§ **WHAT IS NEEDED**: The pictures are to be left out, and all remaining data is to be transcribed exactly as it appears.

[DATA BLOCK — start]

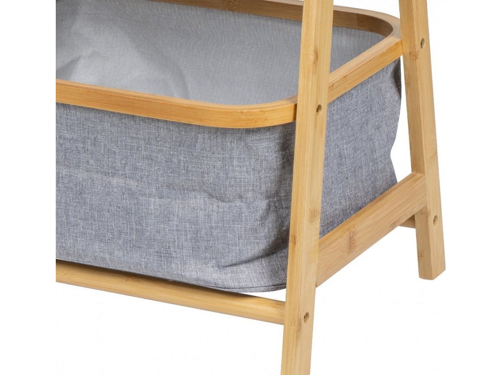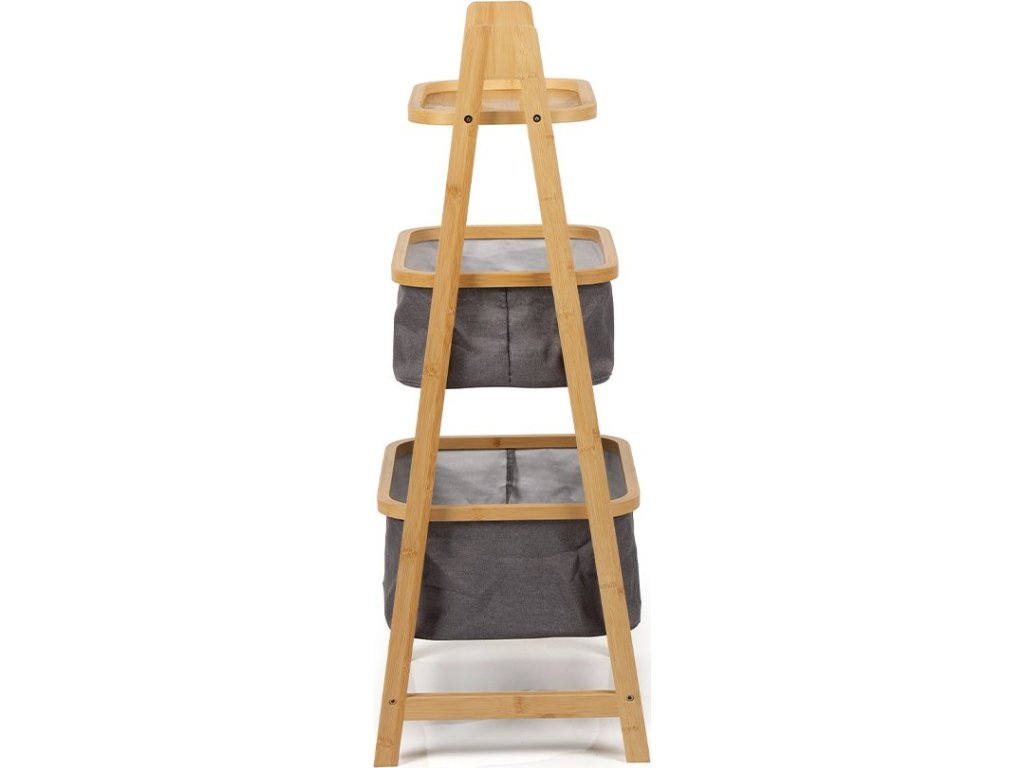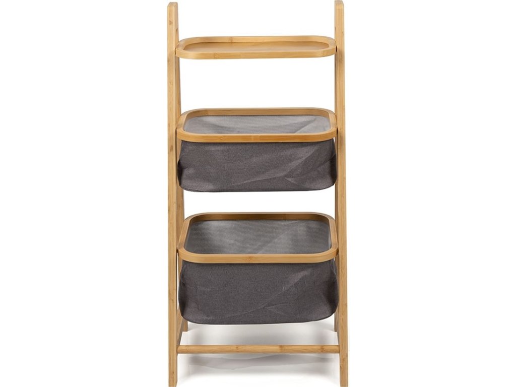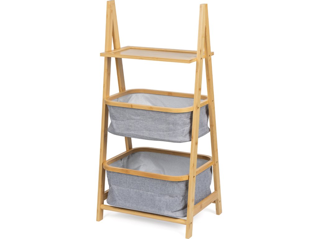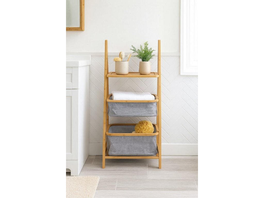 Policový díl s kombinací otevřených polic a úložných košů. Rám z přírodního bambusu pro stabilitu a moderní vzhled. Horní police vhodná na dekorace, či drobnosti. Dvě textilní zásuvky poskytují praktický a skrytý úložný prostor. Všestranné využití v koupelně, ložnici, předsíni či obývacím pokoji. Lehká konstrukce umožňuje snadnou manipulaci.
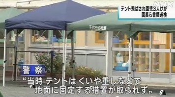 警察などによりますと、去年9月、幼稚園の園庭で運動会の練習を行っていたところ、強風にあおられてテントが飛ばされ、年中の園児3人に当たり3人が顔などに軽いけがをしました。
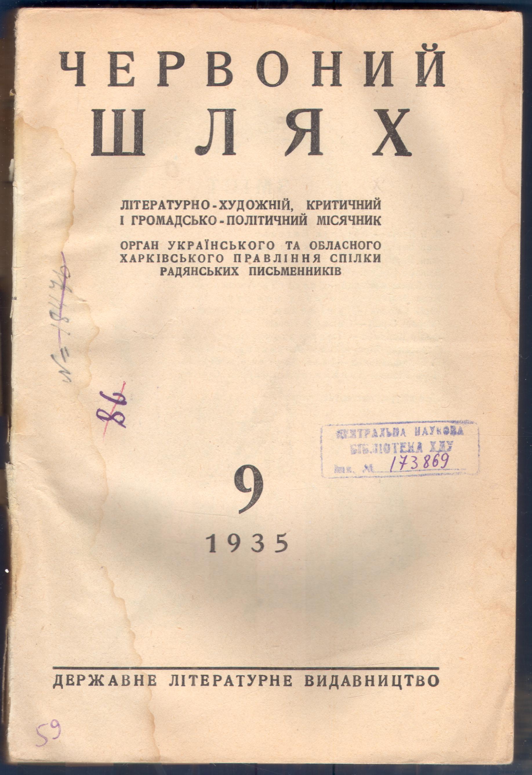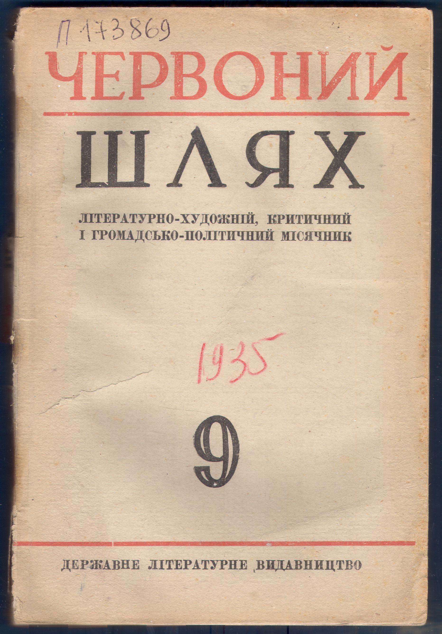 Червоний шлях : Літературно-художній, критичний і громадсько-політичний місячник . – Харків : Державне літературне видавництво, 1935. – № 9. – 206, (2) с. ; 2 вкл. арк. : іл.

[DATA BLOCK — finish]

§ **OUTPUT**:
 Policový díl s kombinací otevřených polic a úložných košů. Rám z přírodního bambusu pro stabilitu a moderní vzhled. Horní police vhodná na dekorace, či drobnosti. Dvě textilní zásuvky poskytují praktický a skrytý úložný prostor. Všestranné využití v koupelně, ložnici, předsíni či obývacím pokoji. Lehká konstrukce umožňuje snadnou manipulaci.
 警察などによりますと、去年9月、幼稚園の園庭で運動会の練習を行っていたところ、強風にあおられてテントが飛ばされ、年中の園児3人に当たり3人が顔などに軽いけがをしました。
 Червоний шлях : Літературно-художній, критичний і громадсько-політичний місячник . – Харків : Державне літературне видавництво, 1935. – № 9. – 206, (2) с. ; 2 вкл. арк. : іл.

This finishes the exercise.